▶ _INSTRUCTIONS TO FOLLOW_: Among the entries below, find the line with "しかしポルシェときたらこちら" and the line with "Warm wood tones, clean". Return exactly those lines and every line between them, but no pictures.

▶ _DATASET EXTRACT_:
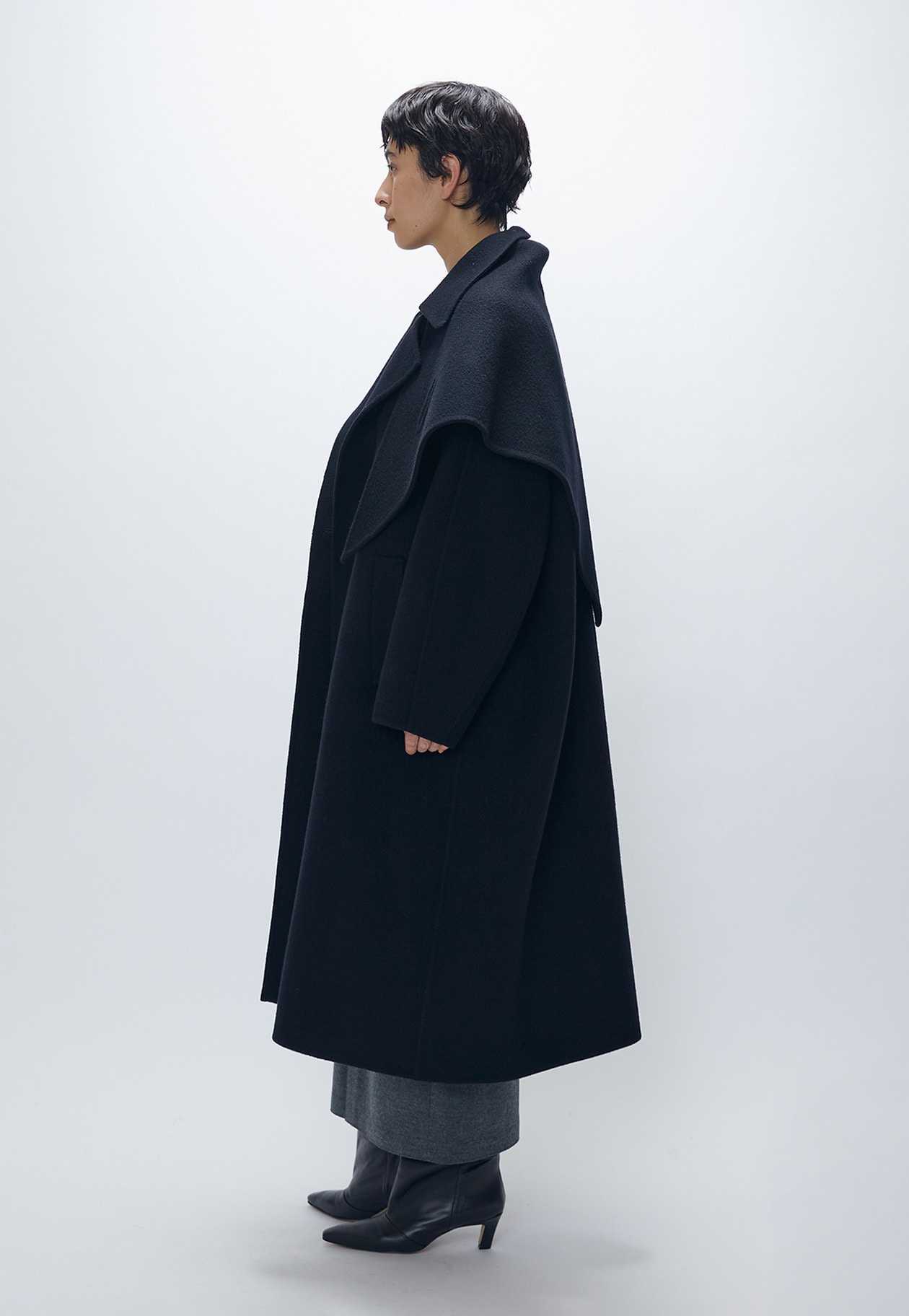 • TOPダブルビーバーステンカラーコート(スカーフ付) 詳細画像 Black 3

...

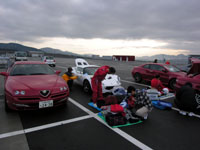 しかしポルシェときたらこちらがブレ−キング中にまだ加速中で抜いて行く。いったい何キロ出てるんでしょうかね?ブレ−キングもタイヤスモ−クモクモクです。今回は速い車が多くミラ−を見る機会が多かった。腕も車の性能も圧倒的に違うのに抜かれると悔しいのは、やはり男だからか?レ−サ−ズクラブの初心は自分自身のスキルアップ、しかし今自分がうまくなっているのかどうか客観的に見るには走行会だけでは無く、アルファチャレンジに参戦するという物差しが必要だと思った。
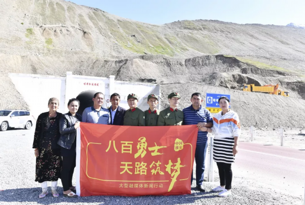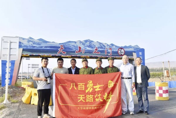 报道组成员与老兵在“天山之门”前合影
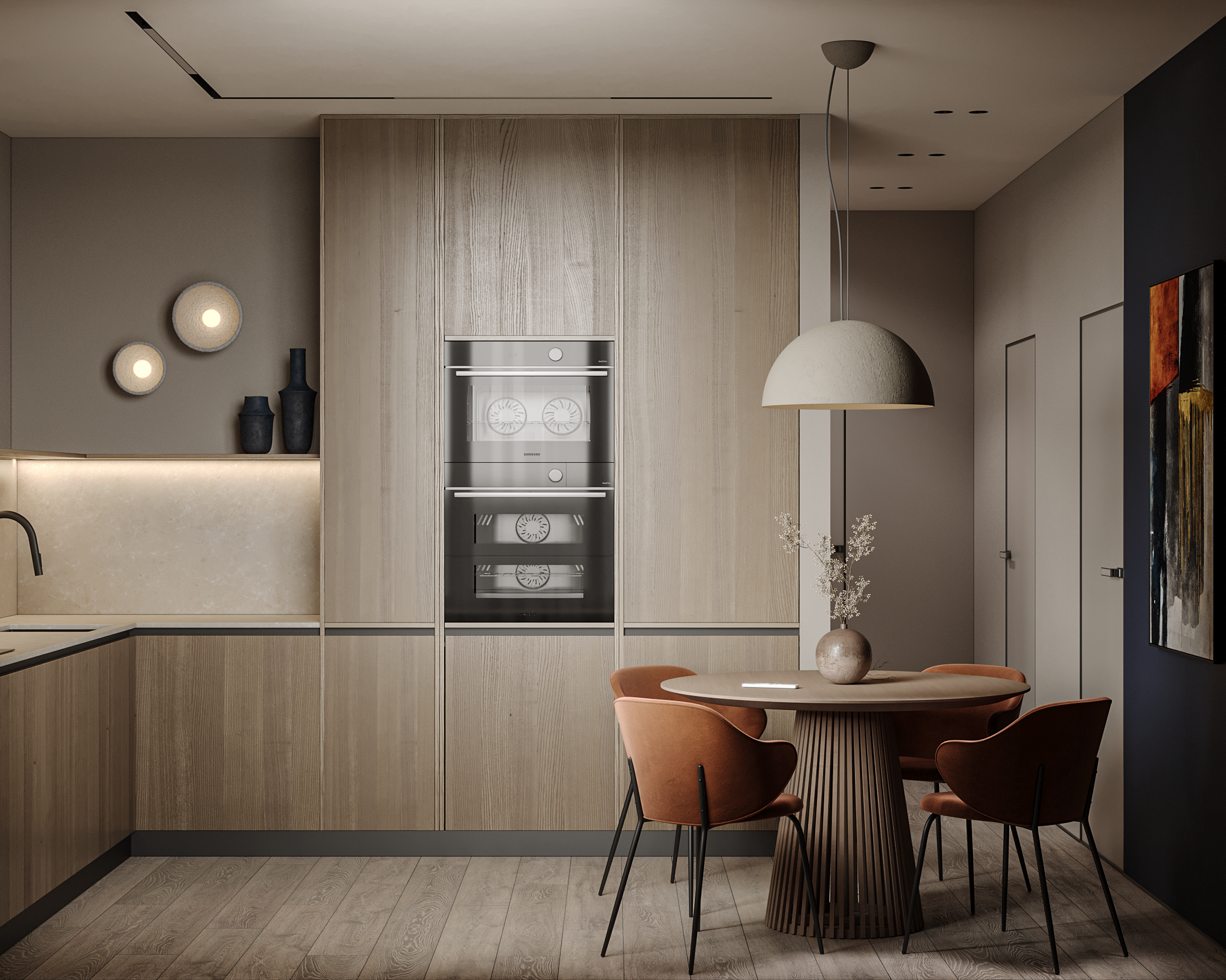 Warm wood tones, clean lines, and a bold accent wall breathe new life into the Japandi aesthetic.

---

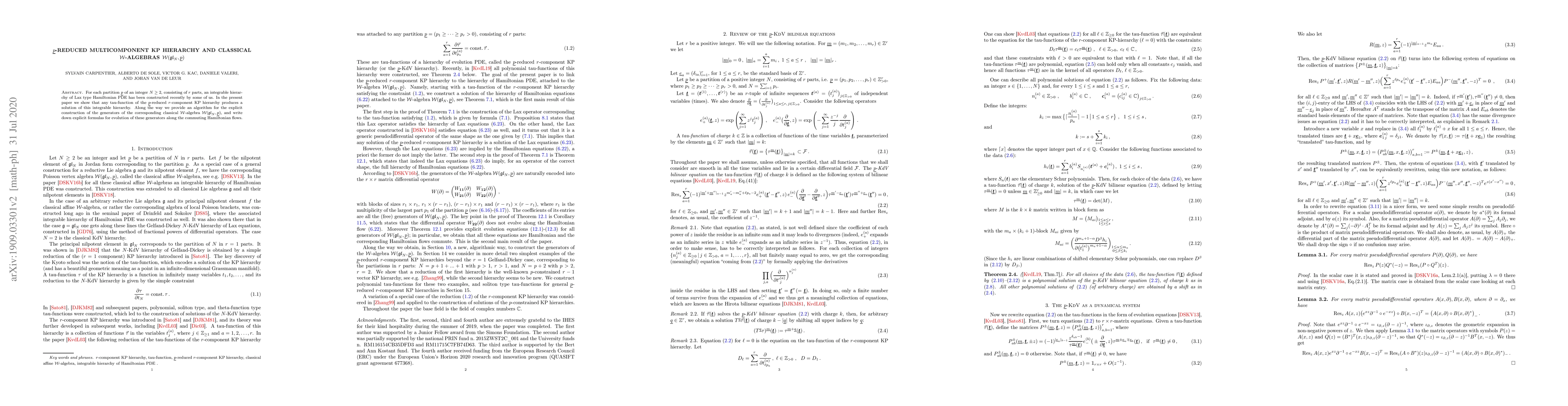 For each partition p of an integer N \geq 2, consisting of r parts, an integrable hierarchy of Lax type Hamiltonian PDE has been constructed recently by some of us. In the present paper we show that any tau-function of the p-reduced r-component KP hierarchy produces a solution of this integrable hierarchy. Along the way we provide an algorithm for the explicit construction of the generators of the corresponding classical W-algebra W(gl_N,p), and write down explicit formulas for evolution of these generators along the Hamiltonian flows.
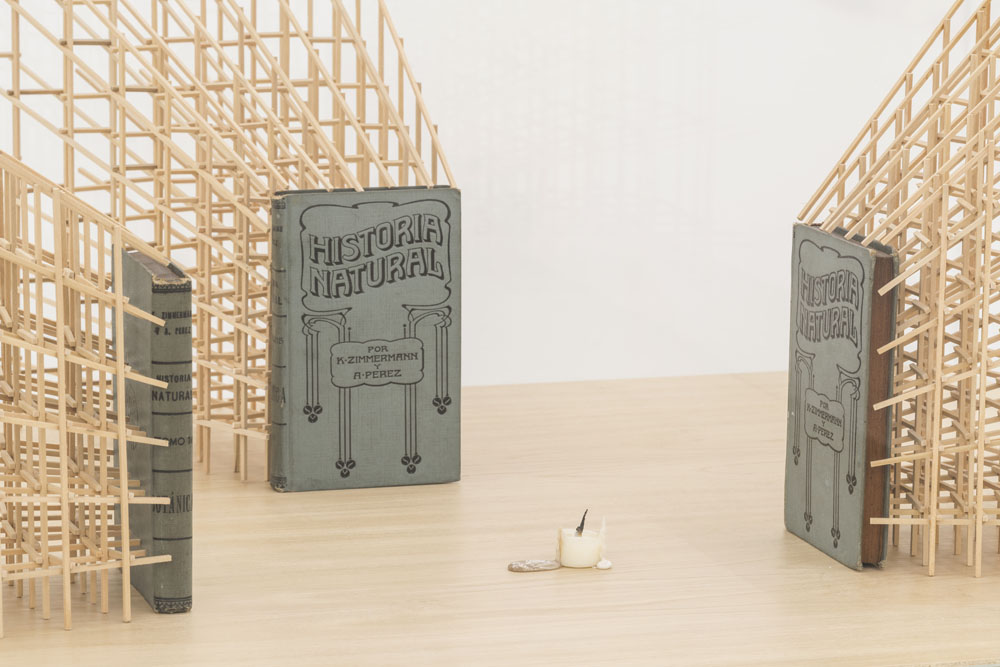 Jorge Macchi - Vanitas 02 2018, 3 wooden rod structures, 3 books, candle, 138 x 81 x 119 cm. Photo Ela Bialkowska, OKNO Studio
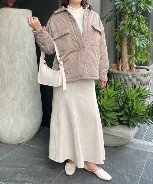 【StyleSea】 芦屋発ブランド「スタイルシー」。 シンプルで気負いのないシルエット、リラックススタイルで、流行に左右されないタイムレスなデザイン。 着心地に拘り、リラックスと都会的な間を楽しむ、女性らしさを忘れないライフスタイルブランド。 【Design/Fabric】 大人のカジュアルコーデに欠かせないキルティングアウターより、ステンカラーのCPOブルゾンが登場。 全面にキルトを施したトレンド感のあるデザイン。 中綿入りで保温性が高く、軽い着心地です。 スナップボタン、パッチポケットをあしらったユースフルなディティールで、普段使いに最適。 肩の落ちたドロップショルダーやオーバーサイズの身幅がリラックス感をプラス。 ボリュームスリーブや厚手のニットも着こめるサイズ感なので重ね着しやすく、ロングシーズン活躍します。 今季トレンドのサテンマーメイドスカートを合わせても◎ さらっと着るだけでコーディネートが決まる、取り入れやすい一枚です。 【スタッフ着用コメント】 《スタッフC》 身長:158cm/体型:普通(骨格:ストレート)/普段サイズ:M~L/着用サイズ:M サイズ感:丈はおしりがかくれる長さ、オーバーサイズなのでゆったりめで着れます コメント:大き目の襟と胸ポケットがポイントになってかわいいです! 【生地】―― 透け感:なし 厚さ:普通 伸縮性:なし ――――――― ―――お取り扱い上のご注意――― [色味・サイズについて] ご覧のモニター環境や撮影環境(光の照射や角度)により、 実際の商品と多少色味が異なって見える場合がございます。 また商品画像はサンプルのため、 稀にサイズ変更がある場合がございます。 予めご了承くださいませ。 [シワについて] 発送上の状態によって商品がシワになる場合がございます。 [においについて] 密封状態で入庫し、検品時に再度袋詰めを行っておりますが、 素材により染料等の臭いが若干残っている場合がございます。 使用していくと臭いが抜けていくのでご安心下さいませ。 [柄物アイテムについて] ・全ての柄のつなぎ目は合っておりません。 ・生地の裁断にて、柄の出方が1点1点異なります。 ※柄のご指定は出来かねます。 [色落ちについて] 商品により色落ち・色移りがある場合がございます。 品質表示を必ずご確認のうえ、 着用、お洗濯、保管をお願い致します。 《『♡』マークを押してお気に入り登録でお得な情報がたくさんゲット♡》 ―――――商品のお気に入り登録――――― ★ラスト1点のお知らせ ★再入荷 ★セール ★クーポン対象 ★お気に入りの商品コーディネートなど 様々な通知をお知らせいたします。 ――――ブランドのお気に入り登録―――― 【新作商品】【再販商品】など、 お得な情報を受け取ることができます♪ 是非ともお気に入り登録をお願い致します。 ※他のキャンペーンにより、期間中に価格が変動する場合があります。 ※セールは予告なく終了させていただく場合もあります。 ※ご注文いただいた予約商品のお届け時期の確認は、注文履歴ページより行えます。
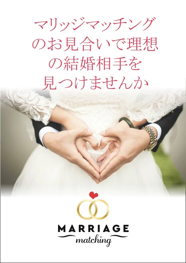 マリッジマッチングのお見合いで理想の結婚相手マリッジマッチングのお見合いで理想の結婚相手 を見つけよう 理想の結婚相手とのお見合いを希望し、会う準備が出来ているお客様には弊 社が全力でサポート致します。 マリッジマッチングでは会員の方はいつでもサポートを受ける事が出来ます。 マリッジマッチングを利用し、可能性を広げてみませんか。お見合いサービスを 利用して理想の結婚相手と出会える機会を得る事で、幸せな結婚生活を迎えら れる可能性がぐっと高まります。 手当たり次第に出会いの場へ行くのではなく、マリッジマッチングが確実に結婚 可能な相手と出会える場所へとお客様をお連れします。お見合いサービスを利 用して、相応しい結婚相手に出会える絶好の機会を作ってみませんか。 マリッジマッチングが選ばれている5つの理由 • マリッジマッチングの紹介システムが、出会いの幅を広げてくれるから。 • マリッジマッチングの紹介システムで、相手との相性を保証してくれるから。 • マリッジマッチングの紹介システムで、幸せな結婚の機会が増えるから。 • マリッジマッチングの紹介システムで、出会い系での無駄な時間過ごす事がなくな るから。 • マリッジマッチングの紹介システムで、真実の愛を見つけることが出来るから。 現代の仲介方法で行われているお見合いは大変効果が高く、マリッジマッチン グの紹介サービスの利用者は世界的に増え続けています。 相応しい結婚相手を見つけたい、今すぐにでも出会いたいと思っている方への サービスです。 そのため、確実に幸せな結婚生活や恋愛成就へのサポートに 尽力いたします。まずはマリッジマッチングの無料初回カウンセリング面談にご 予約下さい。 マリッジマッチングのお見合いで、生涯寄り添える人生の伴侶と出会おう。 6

▶ _THE ANSWER_:
 しかしポルシェときたらこちらがブレ−キング中にまだ加速中で抜いて行く。いったい何キロ出てるんでしょうかね?ブレ−キングもタイヤスモ−クモクモクです。今回は速い車が多くミラ−を見る機会が多かった。腕も車の性能も圧倒的に違うのに抜かれると悔しいのは、やはり男だからか?レ−サ−ズクラブの初心は自分自身のスキルアップ、しかし今自分がうまくなっているのかどうか客観的に見るには走行会だけでは無く、アルファチャレンジに参戦するという物差しが必要だと思った。
 报道组成员与老兵在“天山之门”前合影
 Warm wood tones, clean lines, and a bold accent wall breathe new life into the Japandi aesthetic.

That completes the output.